2nd edit; she also hasn't had her feet done in quite awhile. So I don't know if that could effect or change her pastern angles as they are trimmed and gotten back to normal? 
But is something I will keep in mind as well.


----------



## DraftyAiresMum (Jun 1, 2011)

Has she ever had a foal before? If she's a maiden, at her age and with her "eh" conformation, I wouldn't even consider breeding her. The stud would have to be stellar enough to countermand all her faults, which would be no small task. 

Enjoy her, let her be a sassy old lady, and buy a foal already on the ground if you want the experience of raising a foal.
_Posted via Mobile Device_


----------



## Endiku (Dec 6, 2010)

I am 100% against breeding any mare for the first time past about 13-14 years old, and against breeding mares period over 18. Foaling puts a LOT of strain on a mare's body, and it is risky even with an in-shape horse in her prime. I would not put this horse through that at 19 even if she has foaled before.

Her conformation is not bad but it is not amazing either.

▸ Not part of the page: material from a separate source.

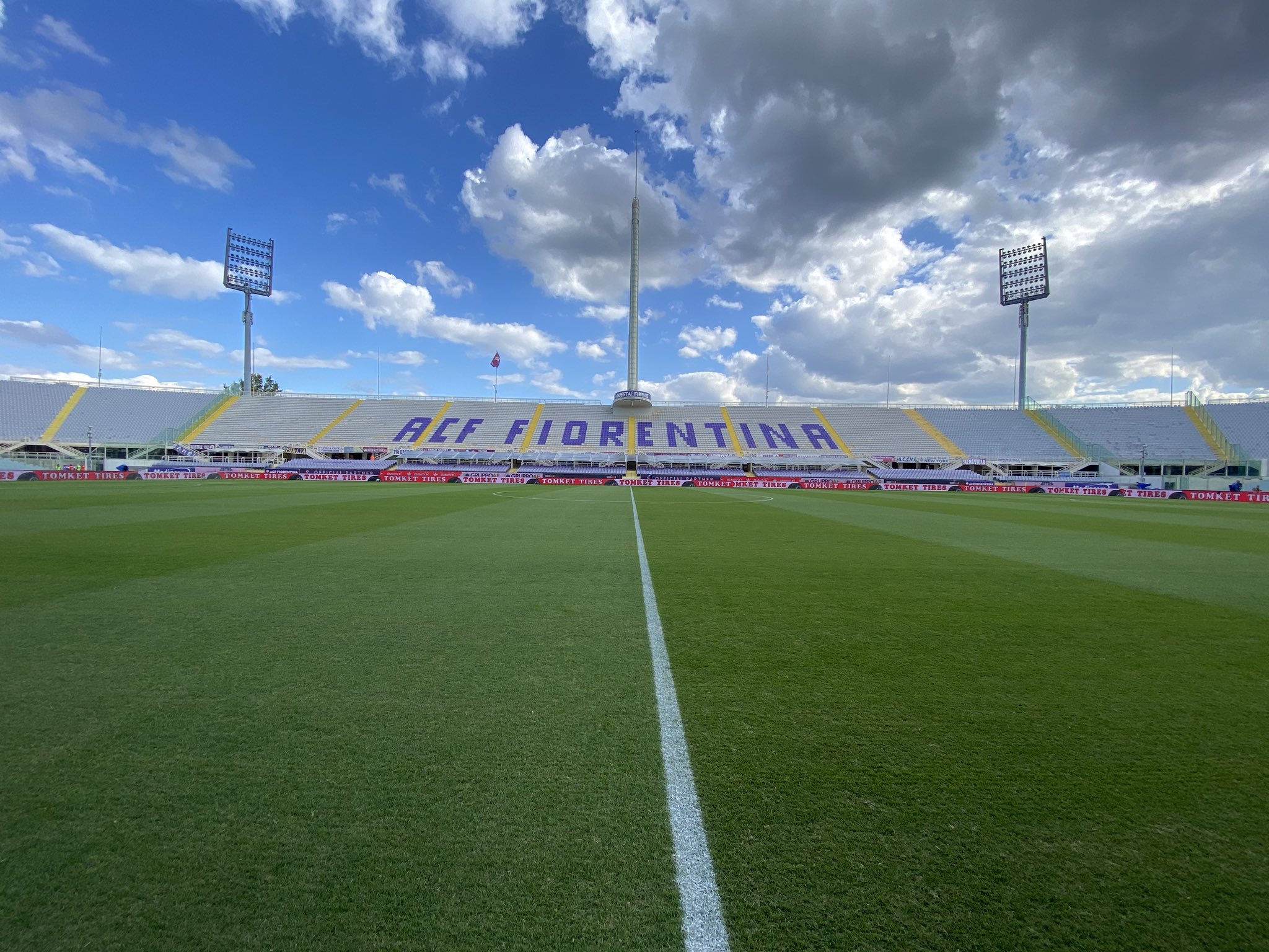 16,47 – La Fiorentina è sul terreno di gioco, testa il terreno di gioco, mentre dall’alto qualche nuvola all’orizzonte.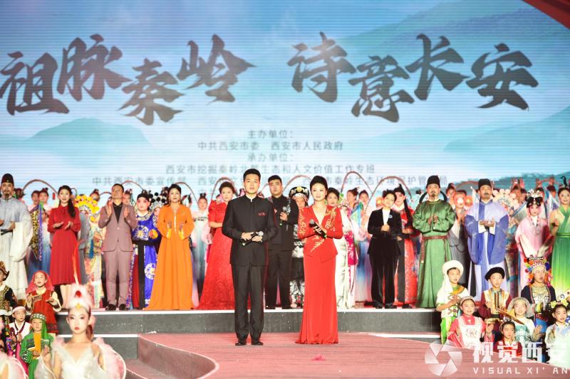 如果说秦腔的演出仿佛穿越时光的呐喊,而诗意长安又有着别样的浪漫。在唐诗里的长安,古今同辉的诗人们荡气回肠,一首首经典传颂,一声声深情婉约,一句句拍案叫绝,一幕幕梦绕魂牵……不但点燃了现场气氛,也点亮了长安诗意璀璨。涵养着世界人文之都和中华现代文明的光辉,从半坡遗址到现代文明,古人今人同沐秦岭恩泽,中华民族现代文明之辉光耀古今。

She's light boned, which will not help her if she has to support weight from pregnancy. Ride her and enjoy her, and let her be.


----------



## Chopsticks (Mar 11, 2012)

i think a proper farrier regiment will absolutely help that pastern angle, which looks mechanical in nature.

i think the mare needs to be fitted up but 19 (especially an easy 19 with no hard career behind her) is still not far from prime of life, maybe a bit out of prime of body but the mind is where you want it to be! 

her muscle is good, her back is good, her confo is not perfect so no, i wouldn't breed her. but i would ride her!


----------